Почтовые открытки — страница 60 из 64

– Рей, ты сейчас же прекратишь борьбу. Отпусти себя, Рей. Я серьезно! Пора отпустить себя на покой, Рей!

Он очнулся. Глаза блуждали на прозрачном лице. Он посмотрел на нее, потом – куда-то за нее, увидел какую-то бурную сцену из детства, колесики лихорадочно завертелись у него в мозгу, открывая забытые дверцы: кухонный шкаф с притаившимся внутри яблоком в карамели, ярость пьяного отца, кровь, ударившая фонтаном из перерезанной куриной шеи, рушащийся штабель бревен, которые падают, падают, падают, пахнущее одиночеством дыхание приближающегося дождя… Перевел взгляд на сидевшую стройной спиной к нему девушку за прозрачной сетчатой ширмой, на ее оголенные руки, на квадрат солнечного света на двери, замыкающей тень, в которой пребывал он сам. «Жаль, что мы никогда этого не делали», – сказал он и умер.

51Койот в красной рубашке

Тополя стояли неподвижно, с безвольно обвисшей листвой, словно кто-то отсек деревьям корни. В защитной лесополосе за домом не могли что-то поделить между собой вороны, рассекавшие воздух коротким, низким сварливым карканьем.

– Все в каких-то объедках, – говорила женщина, разбрасывая слова, словно пригоршни семян, и не переставая выскабливать грязь из-за трубы водопроводного крана сломанным лезвием складного ножа.

– Да сколько можно там скрести?

– Скрести? Мне не приходилось бы скрести, если бы ты что-нибудь сделал с этим прогнившим линолеумом. Тут так все затвердело и так смердит, что я не могу отчистить. Все, сдаюсь, – сказала она, отбросив нож, и вышла на крыльцо. Он слышал, как она причитала и фырчала там. Явно напрашивалась. У него чесались руки.

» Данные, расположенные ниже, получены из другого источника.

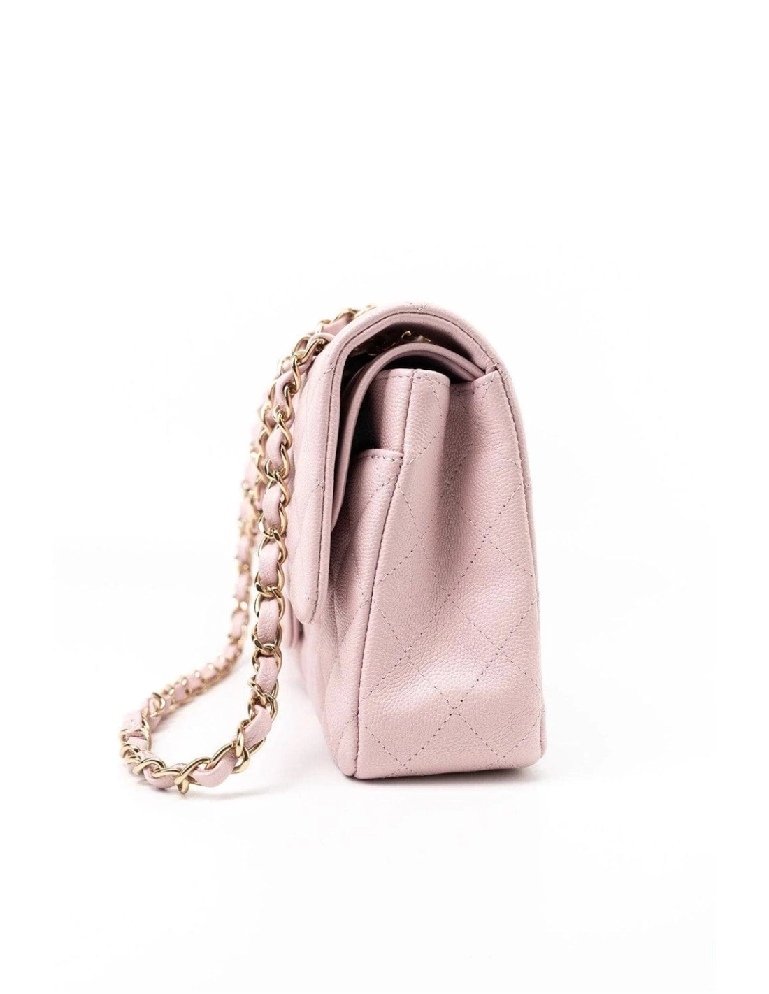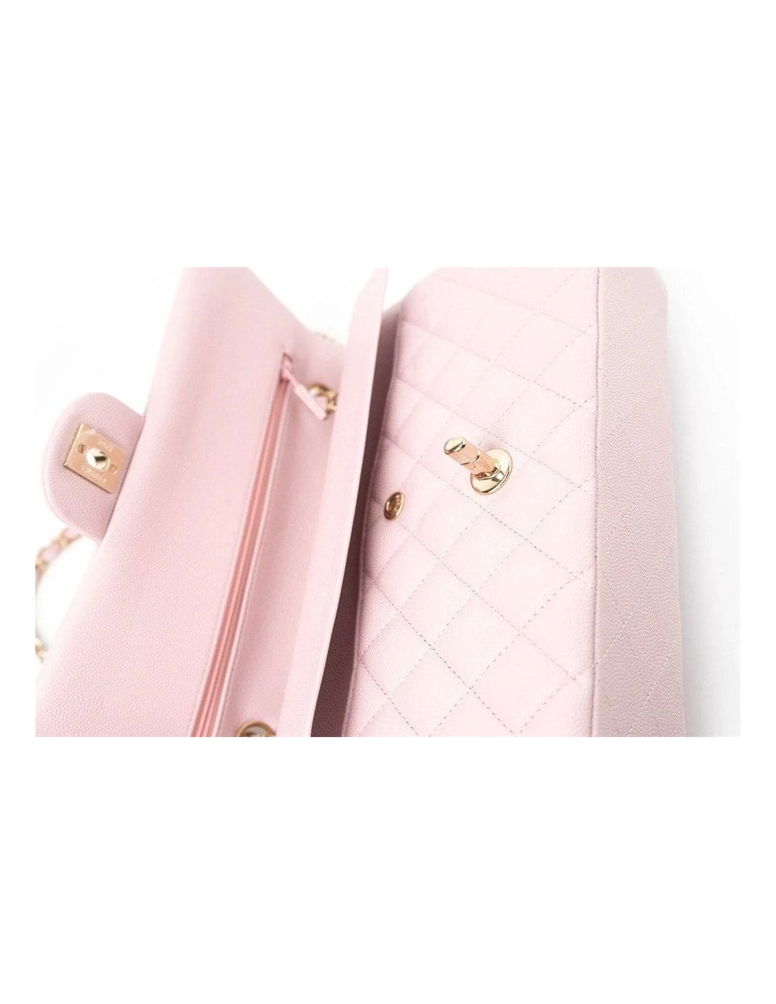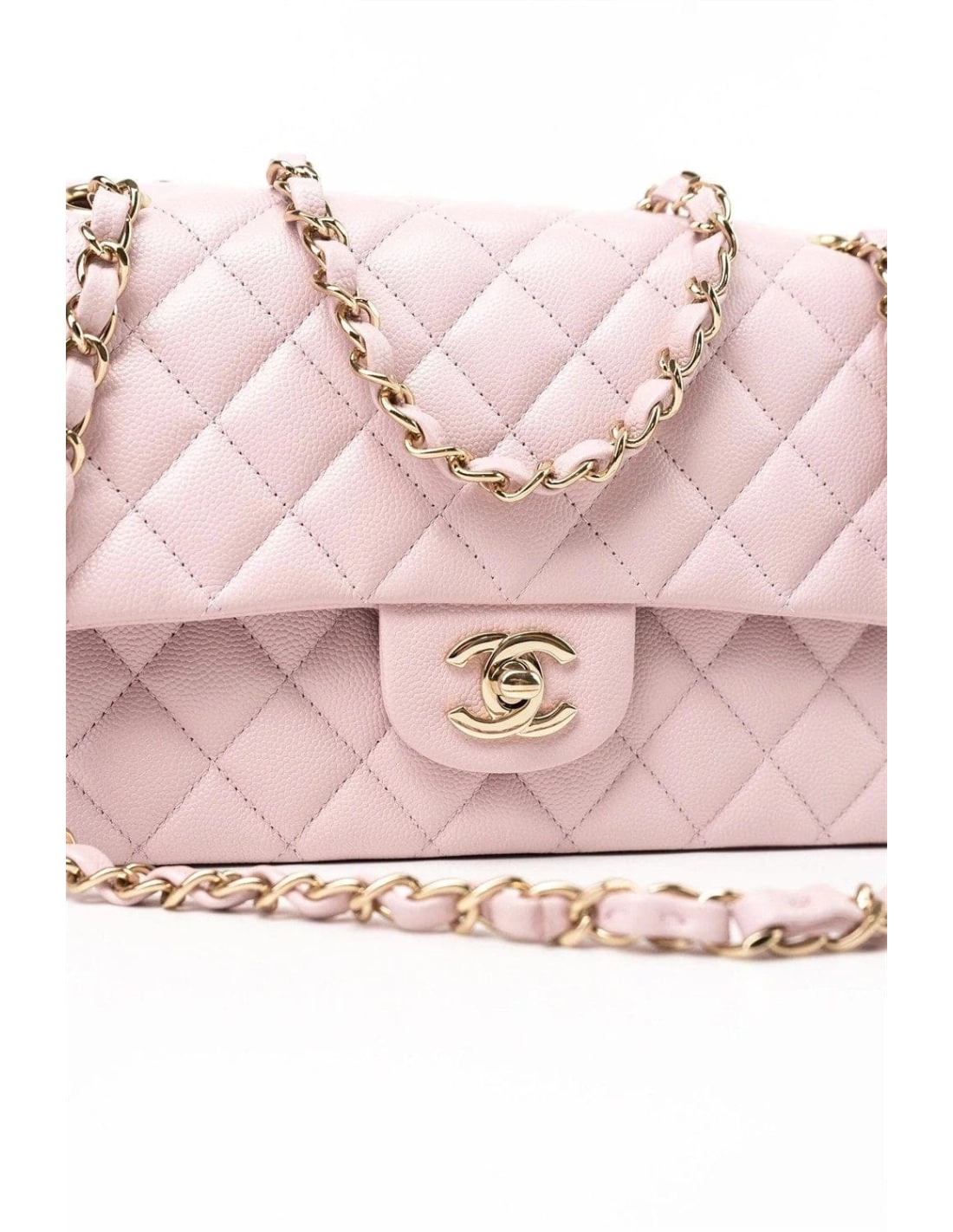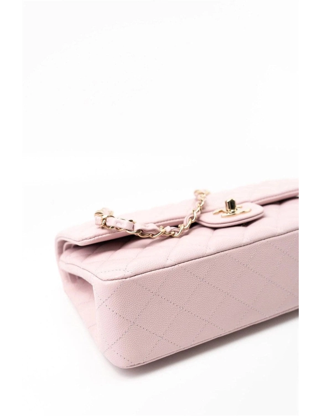 This Medium Classic Double Flap bag is in Light Pink caviar leather with light gold tone hardware and features a front flap with signature CC turnlock closure, half moon back pocket, and adjustable interwoven light gold tone chain link and light pink leather shoulder strap.

Он хотел было уже выйти и влепить ей пару тумаков, но через несколько минут она вернулась сама.

– Там у ворот какой-то старый хрен. Руку даю на отсечение – ищет работу. Ты только посмотри на его машину. Бродяга какой-то.

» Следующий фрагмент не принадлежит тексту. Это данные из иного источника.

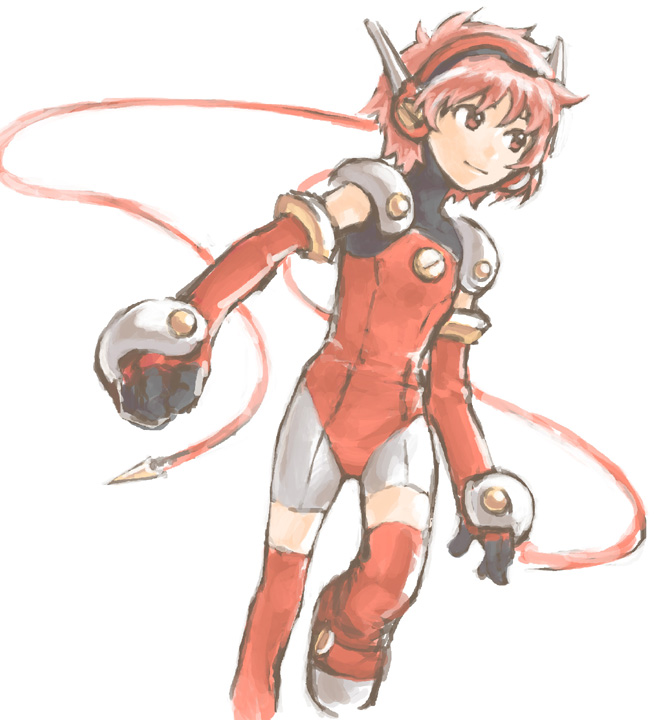 47agdragon, original, dress, headphones, red hair, smile, white hair

– Да, в агентстве по трудоустройству сказали, что они кого-то послали сюда. Иначе какого черта я бы весь день тут околачивался, ради твоих красивых глаз, что ли? Он должен был явиться час назад.

– Ты же не собираешься взять его, правда?

– Почему бы нет? Бригадиром он вполне может быть. Иди, позови его сюда. Почему бы нет, черт возьми? Не могу я больше волочь здесь все на себе.

– Да он согнут в три погибели. Совсем никчемный. Старый и тощий.

– Посмотрим.

После уборки апельсинов у Лояла оставалось четырнадцать долларов. Бо́льшая часть «апельсинных» денег ушла на оплату медицинского счета. Он поскользнулся, спускаясь по лестнице с полным мешком, тот придавил его всей своей тяжестью к перекладинам и сломал ребро. Не повезло. И срастается медленно. Раньше, бывало, он выздоравливал быстро, но теперь до сих пор еще не оправился окончательно. Глубоко вздохнуть было больно. А когда кашлял, казалось, что в него втыкают копье. Поэтому работа бригадира была в самый раз. Он нуждался в деньгах. Пусть мексиканцы копают картошку. Он свою долю картошки, лимонов и всякого другого добра уже собрал. От Калифорнии до Айдахо и обратно.

Но Кортнеггер, похоже, был неудачной ставкой. Картофелеводы – грубая публика. Бейсболка с сеточкой сзади надвинута так, что глаз не видно. Мешковатые штаны закатаны до самой задницы, пачка сигарет в нагрудном кармане рубашки, рядом с огрызком карандаша. Рабочие башмаки. Лицо – сплошные грязные складки, как кузнечные мехи из плоти. Женщина была не многим лучше. Неопрятная блузка поверх растянутых бледно-зеленых шортов с полосками, имитирующими поперечные складки, спереди; завернутые вокруг щиколоток носки. Но вопросы задавала именно она, между тем как Кортнеггер держался позади, зыркая из-под козырька бейсболки. Они велели ему ждать на крыльце. Он слышал, как они препирались внутри. Голос женщины напоминал жужжание мухи, застрявшей в бутылке из-под кока-колы.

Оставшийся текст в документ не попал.